Une notion subjective et relative

L’écrivain et homme politique français André Malraux disait : « Le bonheur est pour les imbéciles », en ce sens qu’il est utopique de croire qu’on peut atteindre un état absolu alors qu’on se trouve dans un monde relatif. Et qu’il faut être un parfait imbécile pour croire y parvenir un jour.
« On devrait mourir lorsqu’on est heureux » chantait Jacqueline Dulac en démontrant bien la difficile, voire impossible quête que représente l’atteinte du bonheur parfait ainsi que l’ultime valeur de cet état.
De nombreux philosophes, intellectuels et chercheurs se sont prononcés sur la question du bonheur, et la seule conclusion sur laquelle tous s’entendent, c’est que le bonheur est une notion subjective et relative. Et c’est parce qu’elle est si subjective et relative que tant de discussions et de débats entourent l’hypothétique définition du bonheur et surtout, les différents moyens de l’atteindre.

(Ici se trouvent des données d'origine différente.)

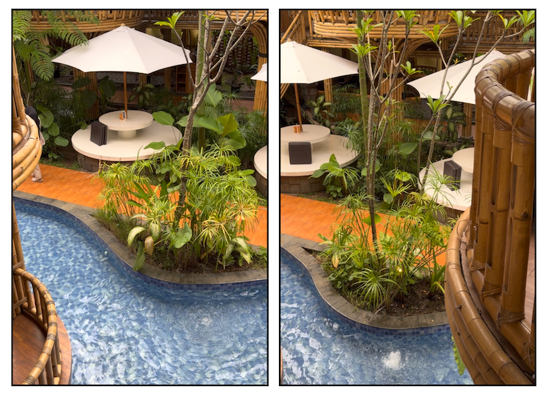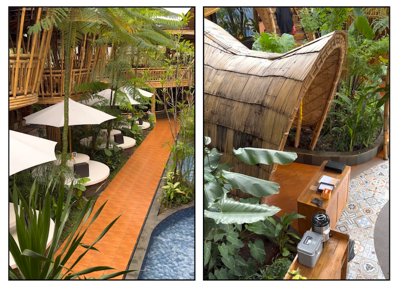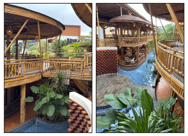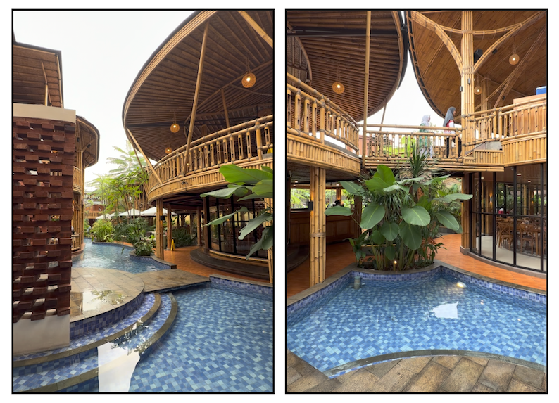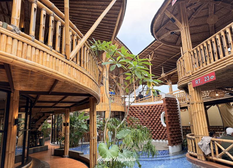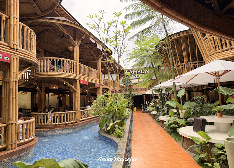 Di sini, di ruang terbuka, kita bisa melihat kolam air dengan ubin biru dan air yang jernih bening. Di berbagai sudut tumbuh banyak pohon dan dedaunan hijau yang membuat nuansa pedesaan di lantai bawah ini semakin asri serta menyejukkan. Selain berbagai opsi ruang makan, juga ada spot berfoto dengan latar belakang susunan batako yang tertata apik seperti panggung kecil. Sederhana tapi tetap mengesankan.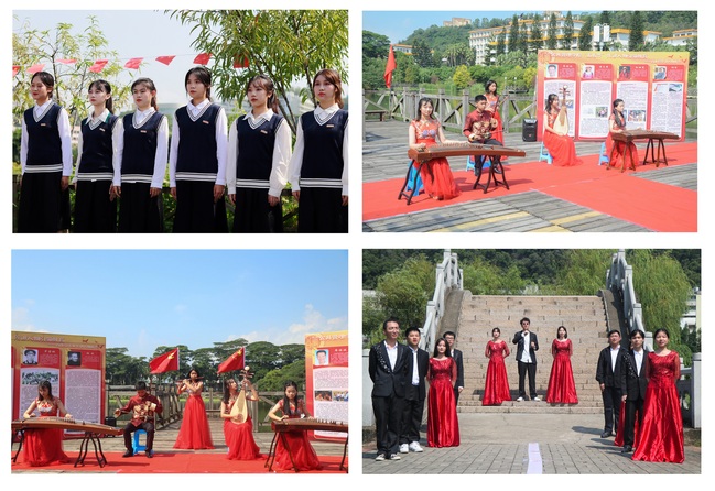 在春晖桥,公共管理学院、校大学生艺术团开展“回望百年路,砥砺新征程” 沉浸式党史主题游园会,通过展板、影音、书文画作、诗歌朗诵、情景表演、乐器演奏、党史答题等,移步换景,全过程、全景式展现1921-2021中国共产党波澜壮阔的百年历程,绘制出中国共产党开天辟地、改天换地、惊天动地的历史画卷。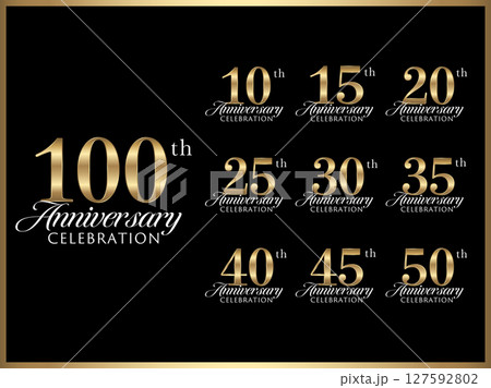 周年数字と記念日お祝い用のロゴデザインのゴールドバナーセット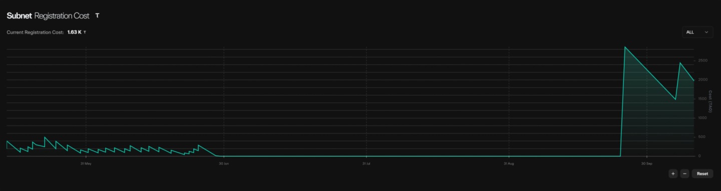 Bittensor 的整體願景是打造一個神經互聯網。過去四年間,Bittensor 建立了一個忠實的社區,匯聚了 DCG 等頂級風投、Sami Kasab 等加密研究人員,以及許多每天都在努力推動這一願景的天才。他們創作内容、做播客、開發産品,並且正在掀起一場運動。Bittensor 還構建了一個子網生態係統,目前約有 126 個子網處於活躍狀態。當前子網的成本約為 1600 個 TAO(64 萬美元),這個成本是動態的,會根據新子網注冊的頻率不斷變化。在暫停了幾個月之後,新的子網注冊現已重新開放。

Le bonheur, paradoxe social

De nos jours, le bonheur semble davantage tourné vers l’externe que vers l’interne, et l’image de la réussite que nous impose la société est telle qu’un aveu de non-bonheur équivaut à celui d’avoir échoué sa vie. C’est sans doute ce qui explique un certain paradoxe qui veut que la vaste majorité des individus a tendance à s’estimer heureux ou très heureux, alors que la vie de tous les jours nous envoie de plus en plus de signes contraires.
Plusieurs penseurs critiquent la société contemporaine et ses différentes exigences, davantage axées sur la consommation, sur la notion de l’avoir plutôt que sur celle de l’être et sur l’obligation de performance, comme si le mieux ne pouvait s’obtenir que par le plus.
Certains prétendent même que les nombreux plaisirs de la société moderne, artificiels, sensationnels et éphémères, masquent la vraie recherche du bonheur, éloignent l’individu d’une spiritualité minimale mais essentielle et réduisent le bonheur à une notion simpliste, matérialiste et quantifiable

Le bonheur, une question d’aptitude et d’attitude


L’atteinte du bonheur serait-elle liée à la capacité de chacun d’accepter ou de refuser la vie telle qu’elle est? Existe-t-il des personnes qui disposent d’une plus grande aptitude au bonheur que d’autres?
Abraham Maslow, le père de la psychologie dite « humaniste », croit que oui. Il identifie deux facteurs essentiels qui définissent cette aptitude au bonheur : régler des problèmes concrets plutôt que vivre replié sur soi et échapper aux normes sociales ou aux conditionnements sociaux.
En outre, il affirme que l’on obtient le bonheur en accédant à un degré supérieur de réalisation de soi.
Il existe également plusieurs autres modèles et théories qui valorisent entre autres la recherche et la concentration sur le « moment présent » pour atteindre un certain niveau de bonheur. En fait, toute activité, quelle qu’elle soit, qui exige une concentration de l’attention ici/maintenant nous rapprocherait de cet état, l’objectif étant de réussir à recréer ces conditions le plus souvent possible dans la vie de tous les jours. Cette attitude devient alors une sorte de philosophie, le bonheur prenant sa source dans une foule de petits gestes quotidiens.
Le bonheur peut également s’exprimer à travers une « participation cosmique » ou le sentiment de participer à quelque chose de plus grand que soi, quelque chose qui à la fois nous englobe et nous contient. On réfère ici au sens même de la vie et à une définition beaucoup plus spirituelle du bonheur.
D’un point de vue plus existentiel, le bonheur ne serait-il accessible que dans l’au-delà, après la mort? Certains croient que oui et que notre passage sur la terre ne serait qu’une étape préparatoire. Pour ces penseurs, ce n’est pas le but qui compte, mais le cheminement vers ce but.
Mais la plupart des penseurs et intellectuels s’entendent pour dire que le bonheur n’arrive pas tout seul. Il exige un travail sur soi. Le monde que nous avons dans la tête n’est pas le monde réel, et c’est l’opposition entre les deux qui nous rend malheureux. La dissonance et l’illusion ne sont jamais bonnes à entretenir, et il faut s’acharner afin que le monde que nous avons dans la tête soit le plus proche possible de celui qui est réel.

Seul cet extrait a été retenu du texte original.